Your answer must be the exact lines of the listing below that run from the line with "宋總和堂總為舞獅點金,寓意江北旗艦店開業大吉" to the line with "172 - أَخْبَرَنَا", ends included, and no pictures.

- _Dataset entries_:
***
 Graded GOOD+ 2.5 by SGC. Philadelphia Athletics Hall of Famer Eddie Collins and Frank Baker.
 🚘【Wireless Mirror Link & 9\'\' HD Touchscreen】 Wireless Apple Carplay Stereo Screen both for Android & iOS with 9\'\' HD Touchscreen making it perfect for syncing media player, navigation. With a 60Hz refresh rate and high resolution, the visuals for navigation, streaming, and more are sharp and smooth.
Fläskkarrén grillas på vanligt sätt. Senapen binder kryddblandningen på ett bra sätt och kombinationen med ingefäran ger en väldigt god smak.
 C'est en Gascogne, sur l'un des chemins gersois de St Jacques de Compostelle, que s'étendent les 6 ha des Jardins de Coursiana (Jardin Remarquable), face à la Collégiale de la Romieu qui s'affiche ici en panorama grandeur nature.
***
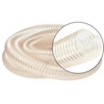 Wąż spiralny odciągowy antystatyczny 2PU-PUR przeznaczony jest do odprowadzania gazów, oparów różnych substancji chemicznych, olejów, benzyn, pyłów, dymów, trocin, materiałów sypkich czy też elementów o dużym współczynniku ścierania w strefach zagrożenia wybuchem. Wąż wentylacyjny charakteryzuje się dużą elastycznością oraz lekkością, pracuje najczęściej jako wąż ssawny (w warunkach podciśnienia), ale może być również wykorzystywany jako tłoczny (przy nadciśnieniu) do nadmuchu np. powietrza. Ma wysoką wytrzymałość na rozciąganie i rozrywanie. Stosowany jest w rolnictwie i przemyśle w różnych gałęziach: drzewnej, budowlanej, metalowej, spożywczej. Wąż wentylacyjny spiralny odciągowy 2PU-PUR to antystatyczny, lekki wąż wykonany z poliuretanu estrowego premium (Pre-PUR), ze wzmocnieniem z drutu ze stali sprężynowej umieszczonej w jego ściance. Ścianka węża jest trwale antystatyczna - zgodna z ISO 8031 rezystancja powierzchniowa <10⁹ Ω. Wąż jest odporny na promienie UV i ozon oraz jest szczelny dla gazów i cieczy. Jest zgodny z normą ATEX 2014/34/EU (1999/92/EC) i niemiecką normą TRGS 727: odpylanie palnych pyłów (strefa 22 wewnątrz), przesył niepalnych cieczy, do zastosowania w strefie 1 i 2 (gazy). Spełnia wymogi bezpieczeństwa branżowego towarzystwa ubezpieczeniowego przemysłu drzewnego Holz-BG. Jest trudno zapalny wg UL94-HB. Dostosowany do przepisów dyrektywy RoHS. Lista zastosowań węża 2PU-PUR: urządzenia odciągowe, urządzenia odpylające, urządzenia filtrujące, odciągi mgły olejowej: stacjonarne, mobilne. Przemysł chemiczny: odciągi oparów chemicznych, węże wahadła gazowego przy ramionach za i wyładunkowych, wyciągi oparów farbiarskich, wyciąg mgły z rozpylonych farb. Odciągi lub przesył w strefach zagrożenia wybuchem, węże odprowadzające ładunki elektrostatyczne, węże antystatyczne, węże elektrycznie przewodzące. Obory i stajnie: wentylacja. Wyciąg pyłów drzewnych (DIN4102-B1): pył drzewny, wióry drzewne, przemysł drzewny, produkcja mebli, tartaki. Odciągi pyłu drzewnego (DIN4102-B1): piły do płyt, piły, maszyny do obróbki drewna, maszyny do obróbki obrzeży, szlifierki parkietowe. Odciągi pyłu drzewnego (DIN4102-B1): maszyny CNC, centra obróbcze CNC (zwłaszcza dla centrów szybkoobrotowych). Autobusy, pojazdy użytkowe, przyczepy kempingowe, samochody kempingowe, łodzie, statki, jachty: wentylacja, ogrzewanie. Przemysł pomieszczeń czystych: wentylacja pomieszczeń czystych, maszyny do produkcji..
***
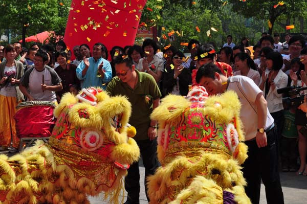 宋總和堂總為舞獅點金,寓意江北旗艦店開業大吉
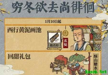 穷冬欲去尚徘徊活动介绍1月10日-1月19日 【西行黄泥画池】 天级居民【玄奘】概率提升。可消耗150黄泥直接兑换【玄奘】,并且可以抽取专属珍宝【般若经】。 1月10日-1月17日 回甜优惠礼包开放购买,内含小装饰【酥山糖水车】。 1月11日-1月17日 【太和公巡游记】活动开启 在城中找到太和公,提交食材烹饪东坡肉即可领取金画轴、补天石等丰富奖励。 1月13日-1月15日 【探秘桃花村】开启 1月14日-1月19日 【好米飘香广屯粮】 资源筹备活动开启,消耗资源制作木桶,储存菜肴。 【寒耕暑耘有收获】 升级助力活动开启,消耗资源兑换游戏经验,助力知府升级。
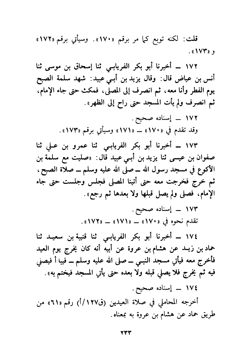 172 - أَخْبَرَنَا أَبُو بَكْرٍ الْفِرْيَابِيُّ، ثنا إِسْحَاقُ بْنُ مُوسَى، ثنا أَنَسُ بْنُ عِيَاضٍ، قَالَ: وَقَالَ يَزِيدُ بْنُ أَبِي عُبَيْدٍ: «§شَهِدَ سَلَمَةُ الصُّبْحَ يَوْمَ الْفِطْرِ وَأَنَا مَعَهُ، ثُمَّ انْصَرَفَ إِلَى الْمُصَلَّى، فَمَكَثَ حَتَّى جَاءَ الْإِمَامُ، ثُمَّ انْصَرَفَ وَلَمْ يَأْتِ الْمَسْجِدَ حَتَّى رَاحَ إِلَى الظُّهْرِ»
***
- _Solved problem_:
 宋總和堂總為舞獅點金,寓意江北旗艦店開業大吉
 穷冬欲去尚徘徊活动介绍1月10日-1月19日 【西行黄泥画池】 天级居民【玄奘】概率提升。可消耗150黄泥直接兑换【玄奘】,并且可以抽取专属珍宝【般若经】。 1月10日-1月17日 回甜优惠礼包开放购买,内含小装饰【酥山糖水车】。 1月11日-1月17日 【太和公巡游记】活动开启 在城中找到太和公,提交食材烹饪东坡肉即可领取金画轴、补天石等丰富奖励。 1月13日-1月15日 【探秘桃花村】开启 1月14日-1月19日 【好米飘香广屯粮】 资源筹备活动开启,消耗资源制作木桶,储存菜肴。 【寒耕暑耘有收获】 升级助力活动开启,消耗资源兑换游戏经验,助力知府升级。
 172 - أَخْبَرَنَا أَبُو بَكْرٍ الْفِرْيَابِيُّ، ثنا إِسْحَاقُ بْنُ مُوسَى، ثنا أَنَسُ بْنُ عِيَاضٍ، قَالَ: وَقَالَ يَزِيدُ بْنُ أَبِي عُبَيْدٍ: «§شَهِدَ سَلَمَةُ الصُّبْحَ يَوْمَ الْفِطْرِ وَأَنَا مَعَهُ، ثُمَّ انْصَرَفَ إِلَى الْمُصَلَّى، فَمَكَثَ حَتَّى جَاءَ الْإِمَامُ، ثُمَّ انْصَرَفَ وَلَمْ يَأْتِ الْمَسْجِدَ حَتَّى رَاحَ إِلَى الظُّهْرِ»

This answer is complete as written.